Disaster Recovery Practice (DR Gamedays)

Purpose

There are many reasons to test and practice our disaster recovery process for GitLab.com.

  1. Ensure our processes work as expected.
  2. Keep up with changes that could break or complicate our recovery processes.
  3. Increase confidence and knowledge of these processes for those who participate in the on-call rotation.
  4. Satisfy compliance requirements around validation of disaster recovery scenarios.

Overview

These practices are often referred to as DR gamedays or just gamedays. Currently, our DR gamedays focus on zonal recovery scenarios, and each one focuses on a specific component. During a real zonal failure, these gamedays should be capable of being executed in parallel to save time.

graph TD
    A(Assign Gameday) --> B(Perform Gameday)
    B --> C{Were there problems?}
    C --> |Yes| D(Document problems in the<br>Production Engineering Issue)
    C --> |No| E(Record Gameday Measurements)
    D --> E
    E --> F(Update Confidence Levels)

Gameday Assignment

Each quarter, eachPhase 1 component gameday process is assigned to a participating team. This allocation should help us test each process once a quarter.

  1. The Ops team will create issues in the Production Engineering issue tracker.
  2. This issue is assigned to the next team in order to perform the practice.

Performing the Gameday

  1. Create a gameday change issue using the appropriate template.
  2. Review the process and consult the Ops team if any part of the process is unclear.
  3. Schedule the gameday, seeking out proper review and approvals for the change.
  4. Execute the gameday.
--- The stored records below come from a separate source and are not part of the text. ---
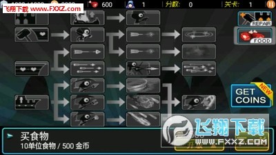 4.游戏每一关结束后可以进入升级系统。这种就像技能树的升级系统小编非常喜欢。你可以在这里升级装备和招募新兵种。也可以用金币维修城堡,以及购入食物等。
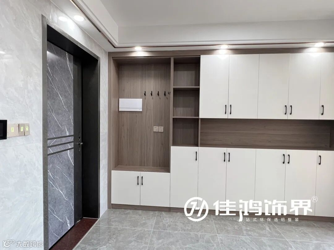 入户玄关处做了筒灯照明,通顶柜做满了整面墙,最大化利用空间做收纳。
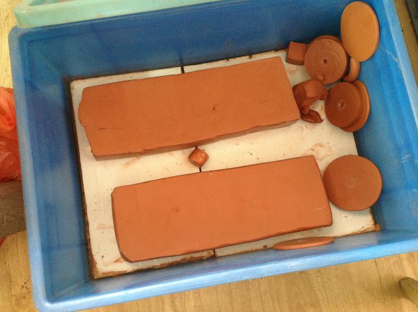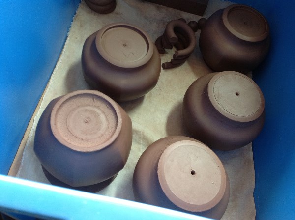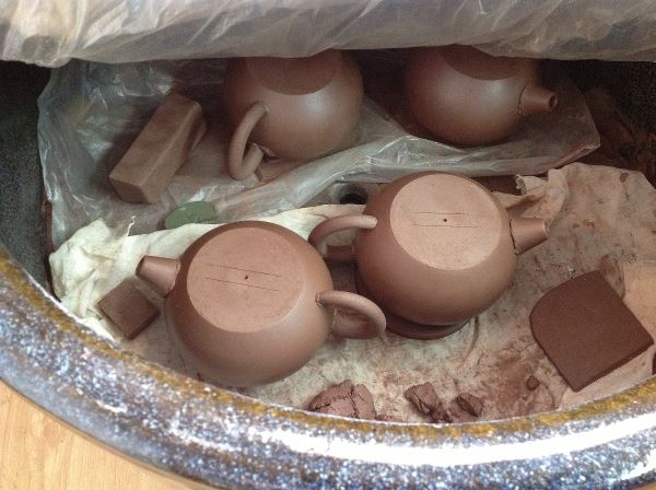 為使泥料乾濕度適中恰當以利加工製壺,所以有些過於乾燥的泥片與泥頭,即先置放於密閉的盒中,待適當時機始取出製壺。
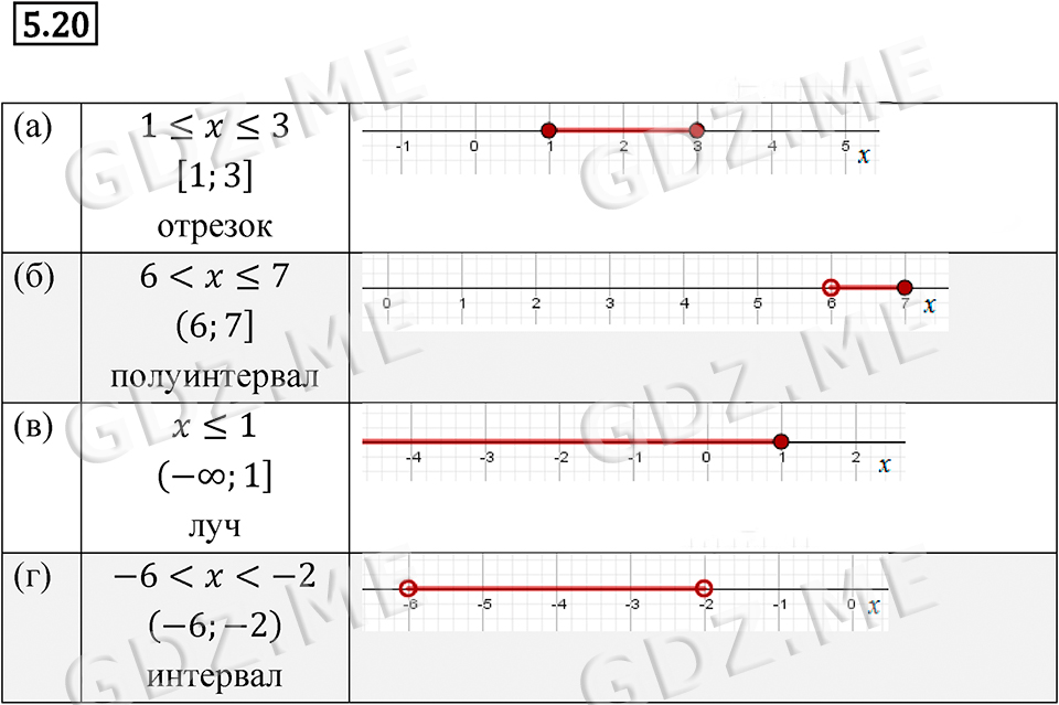 Подробный вариант решения из решебника (ГДЗ): Задание номер 5.20 (§5. Координатная прямая) по предмету Алгебра, за 7 класс, авторы учебника Мордкович, Александрова, Мишустина.
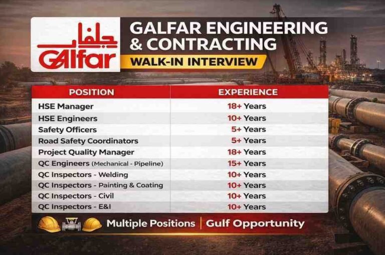 Galfar Engineering & Contracting Walk-in Interview | For Oil & Gas EPC Projects in Abu Dhabi Company Name Galfar Engineering …
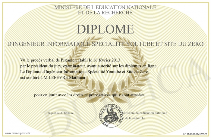 Envoyez par email votre Diplôme d'Ingénieur Informatique Spécialité Youtube et Site du Zero personalisé

It is recommended to work with a reviewer during the process to record problems, timing, and approving merge requests during the process.

Reporting Gameday Process Issues

Compile any feedback from the gameday and update the Production Engineering issue. The Ops team member who created the issues will be the directly responsible individual tasked with incorporating the feedback into future practices.

Recording Gameday Results

Open merge requests to update the timing and execution information from the gameday.

DR Practice Measurements

Updating Confidence Levels

As services change, and processes are improved, the ops team is tasked with managing the confidence level measurements.